Segment Start: ENTRIES SHOWN

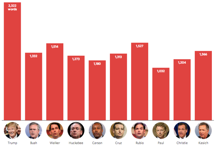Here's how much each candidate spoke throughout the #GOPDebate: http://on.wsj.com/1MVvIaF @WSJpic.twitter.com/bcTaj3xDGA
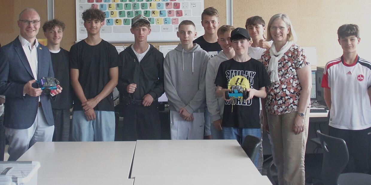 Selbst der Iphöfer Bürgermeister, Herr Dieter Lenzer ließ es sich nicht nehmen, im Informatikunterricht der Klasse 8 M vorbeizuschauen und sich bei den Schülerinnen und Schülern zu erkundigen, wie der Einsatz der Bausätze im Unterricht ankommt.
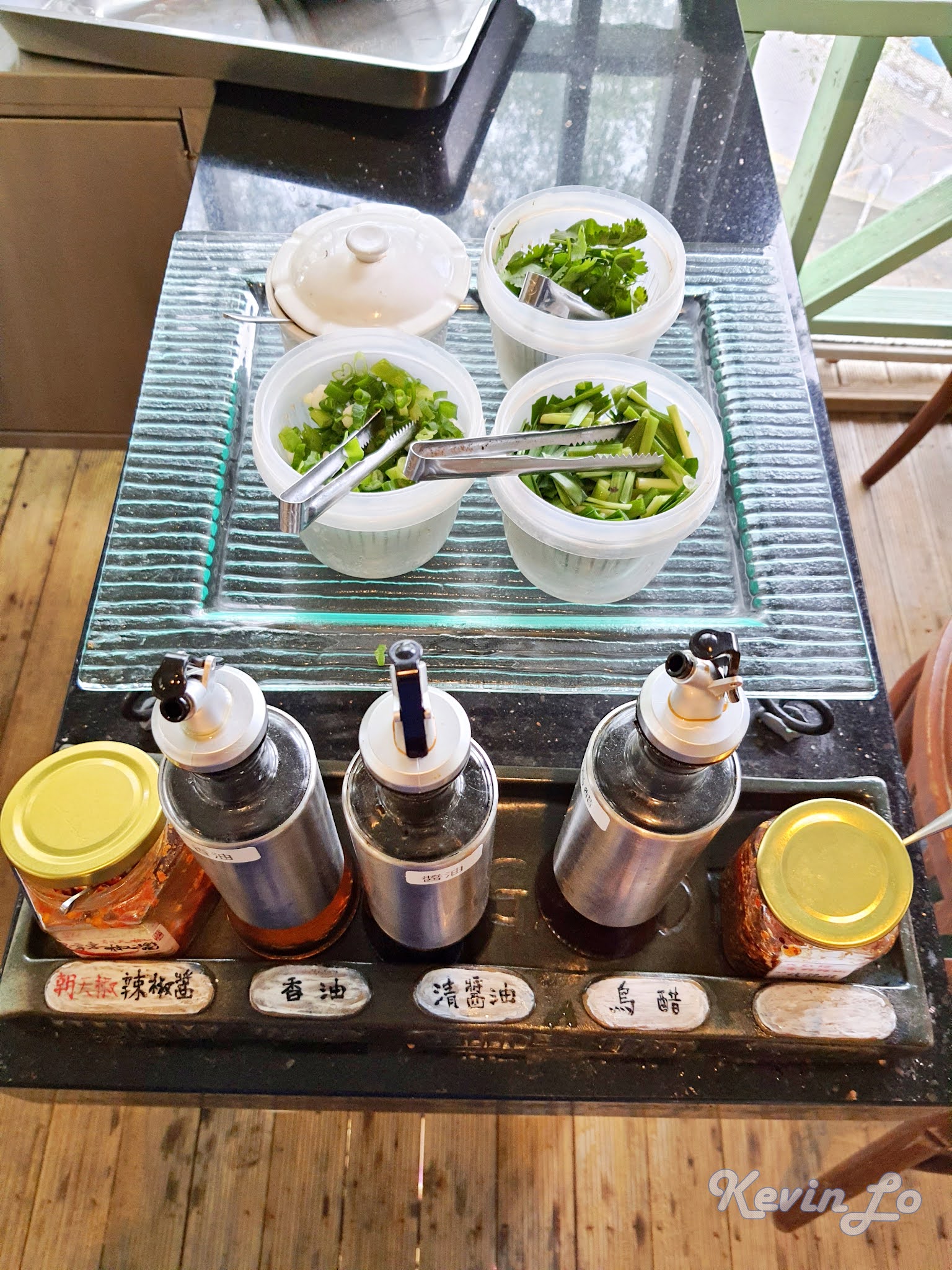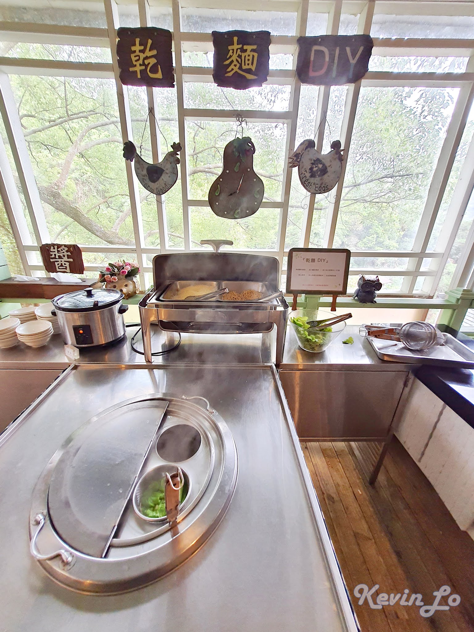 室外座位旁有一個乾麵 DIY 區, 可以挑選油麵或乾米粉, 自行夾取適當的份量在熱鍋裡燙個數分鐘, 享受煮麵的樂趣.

Segment End: ENTRIES SHOWN
Segment Start: ENTRIES SHOWN

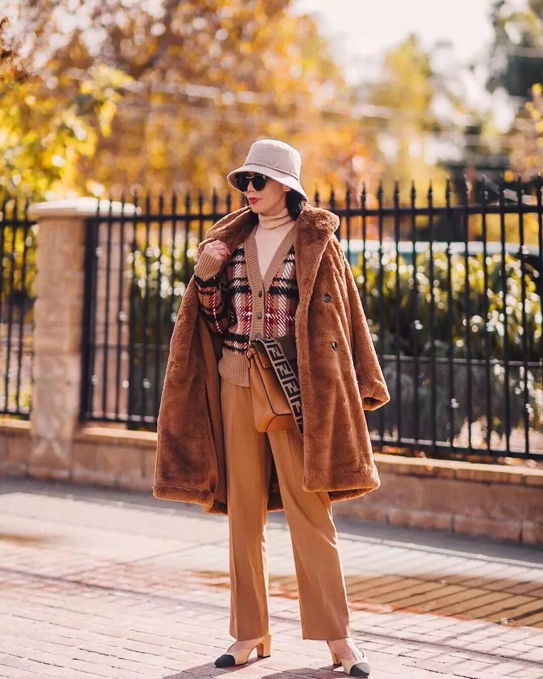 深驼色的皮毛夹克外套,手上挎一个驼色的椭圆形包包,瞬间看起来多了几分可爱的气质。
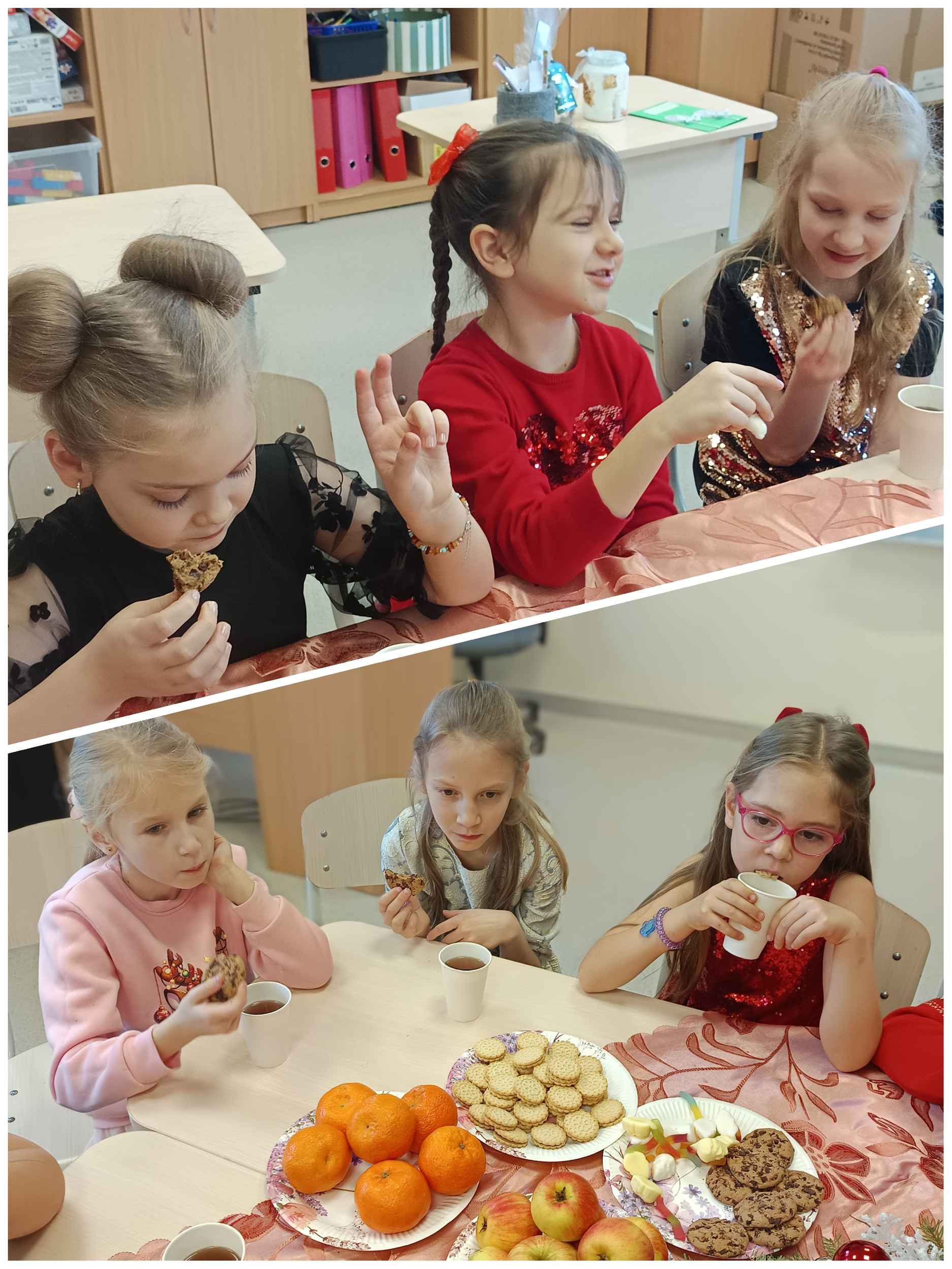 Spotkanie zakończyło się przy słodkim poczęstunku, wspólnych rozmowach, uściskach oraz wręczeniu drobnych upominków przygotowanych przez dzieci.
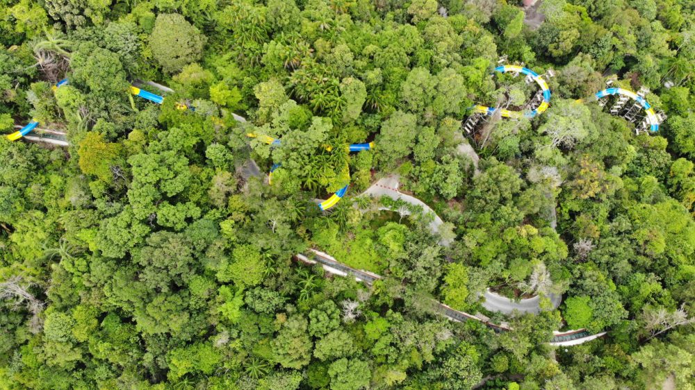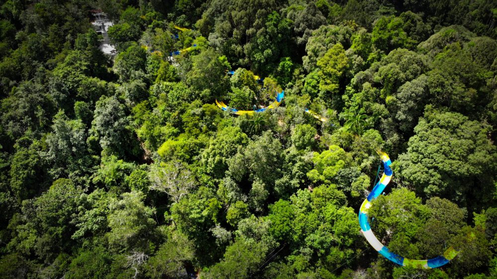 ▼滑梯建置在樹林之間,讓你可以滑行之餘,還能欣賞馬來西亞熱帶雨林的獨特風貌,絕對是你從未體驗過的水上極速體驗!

Segment End: ENTRIES SHOWN

**WORK TO BE COMPLETED**
Looking at the listing above, which lines run from the one containing "Here's how much" through the one containing "室外座位旁有一個乾麵 DIY 區, 可以挑選油麵或乾米粉, 自行夾取適當的份量在熱鍋裡燙個數分鐘, 享受煮麵的樂趣."? Print exactly those, ends included, pictures excluded.

**RESULT**
Here's how much each candidate spoke throughout the #GOPDebate: http://on.wsj.com/1MVvIaF @WSJpic.twitter.com/bcTaj3xDGA
 Selbst der Iphöfer Bürgermeister, Herr Dieter Lenzer ließ es sich nicht nehmen, im Informatikunterricht der Klasse 8 M vorbeizuschauen und sich bei den Schülerinnen und Schülern zu erkundigen, wie der Einsatz der Bausätze im Unterricht ankommt.
 室外座位旁有一個乾麵 DIY 區, 可以挑選油麵或乾米粉, 自行夾取適當的份量在熱鍋裡燙個數分鐘, 享受煮麵的樂趣.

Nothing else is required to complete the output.